ASSIGNED TASK – Repeat exactly the lines of the material below that run from the "자녀 모두 공제 대상 |" line to the "白颈长尾雉:大型鸡类,体长8" line, including both, and do not carry over any pictures.

STUDY MATERIAL Start Marker

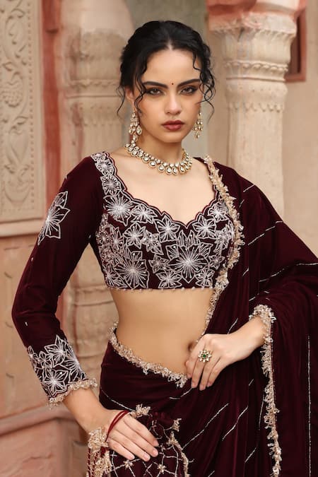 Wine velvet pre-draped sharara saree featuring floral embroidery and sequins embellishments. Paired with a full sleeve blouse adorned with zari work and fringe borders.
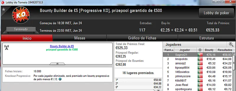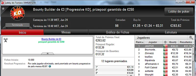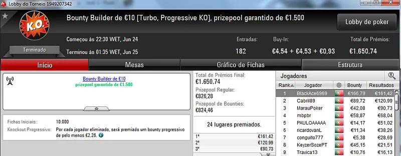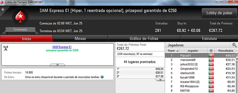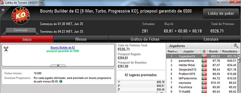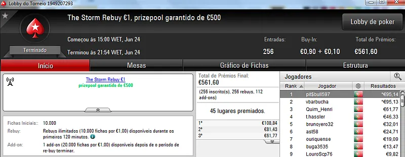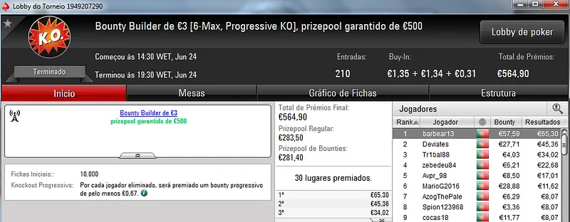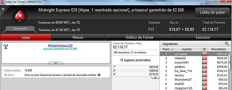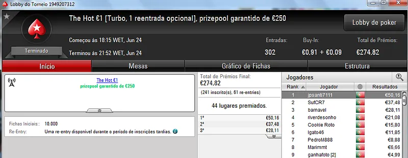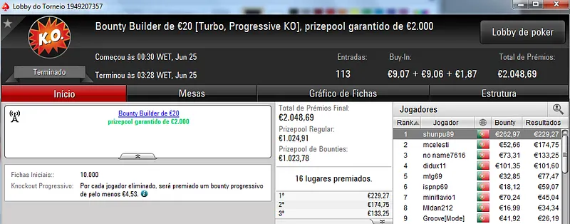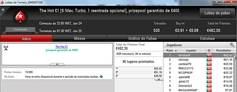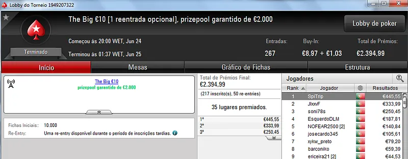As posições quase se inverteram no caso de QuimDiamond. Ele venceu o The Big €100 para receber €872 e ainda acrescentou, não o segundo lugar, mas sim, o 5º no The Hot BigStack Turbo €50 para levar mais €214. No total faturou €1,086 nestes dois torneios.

STUDY MATERIAL End Marker
STUDY MATERIAL Start Marker

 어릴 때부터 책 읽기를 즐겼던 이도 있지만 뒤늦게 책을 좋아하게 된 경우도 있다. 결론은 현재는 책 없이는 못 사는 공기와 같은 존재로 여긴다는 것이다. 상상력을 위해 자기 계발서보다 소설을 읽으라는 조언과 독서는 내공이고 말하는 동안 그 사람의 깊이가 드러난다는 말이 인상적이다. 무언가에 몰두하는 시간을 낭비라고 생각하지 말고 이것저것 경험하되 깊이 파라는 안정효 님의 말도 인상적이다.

STUDY MATERIAL End Marker
STUDY MATERIAL Start Marker

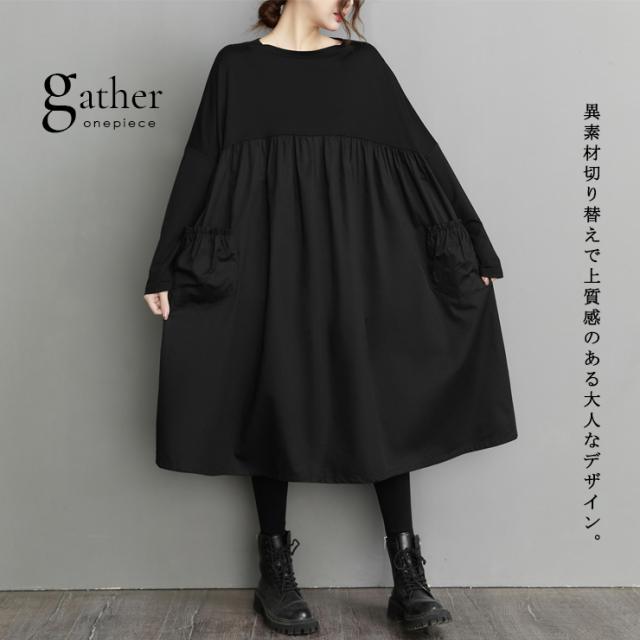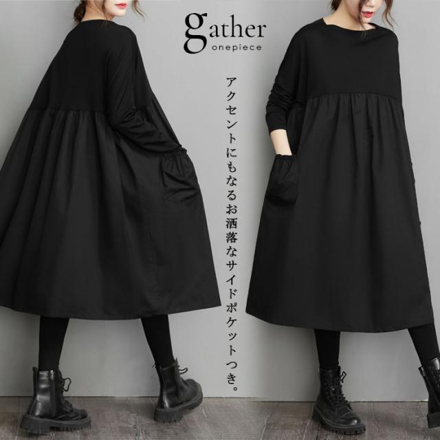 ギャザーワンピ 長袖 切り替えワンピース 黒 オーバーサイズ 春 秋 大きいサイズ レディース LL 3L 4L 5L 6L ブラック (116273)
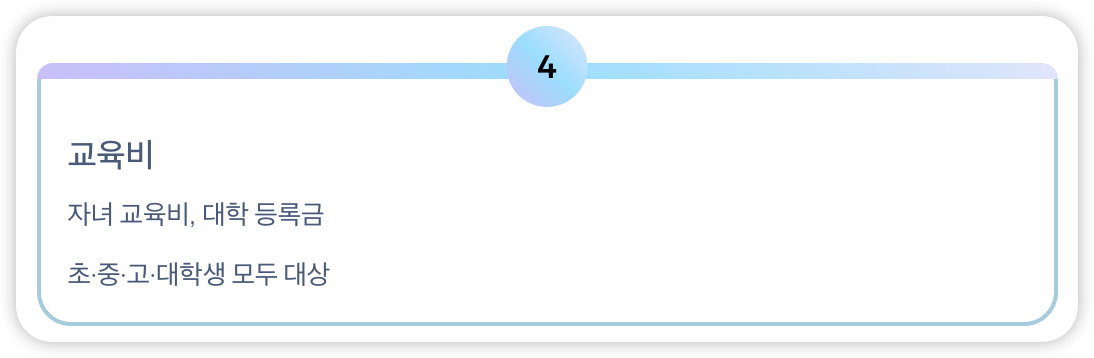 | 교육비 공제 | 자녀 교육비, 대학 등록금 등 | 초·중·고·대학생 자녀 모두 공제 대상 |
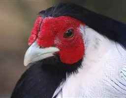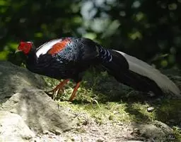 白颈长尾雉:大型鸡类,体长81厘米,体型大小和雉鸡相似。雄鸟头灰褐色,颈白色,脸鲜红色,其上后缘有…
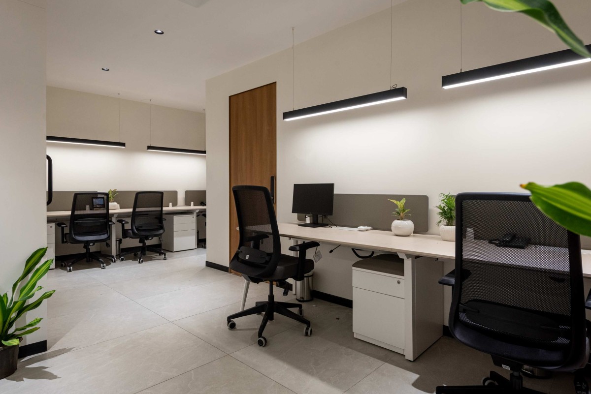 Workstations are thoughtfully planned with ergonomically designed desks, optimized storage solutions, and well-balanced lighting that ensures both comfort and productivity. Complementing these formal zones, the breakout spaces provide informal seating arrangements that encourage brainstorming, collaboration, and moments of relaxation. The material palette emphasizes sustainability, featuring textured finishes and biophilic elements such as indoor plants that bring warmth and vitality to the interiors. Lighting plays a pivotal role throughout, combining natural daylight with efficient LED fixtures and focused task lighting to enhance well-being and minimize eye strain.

STUDY MATERIAL End Marker

TASK SOLUTION –
 | 교육비 공제 | 자녀 교육비, 대학 등록금 등 | 초·중·고·대학생 자녀 모두 공제 대상 |
 白颈长尾雉:大型鸡类,体长81厘米,体型大小和雉鸡相似。雄鸟头灰褐色,颈白色,脸鲜红色,其上后缘有…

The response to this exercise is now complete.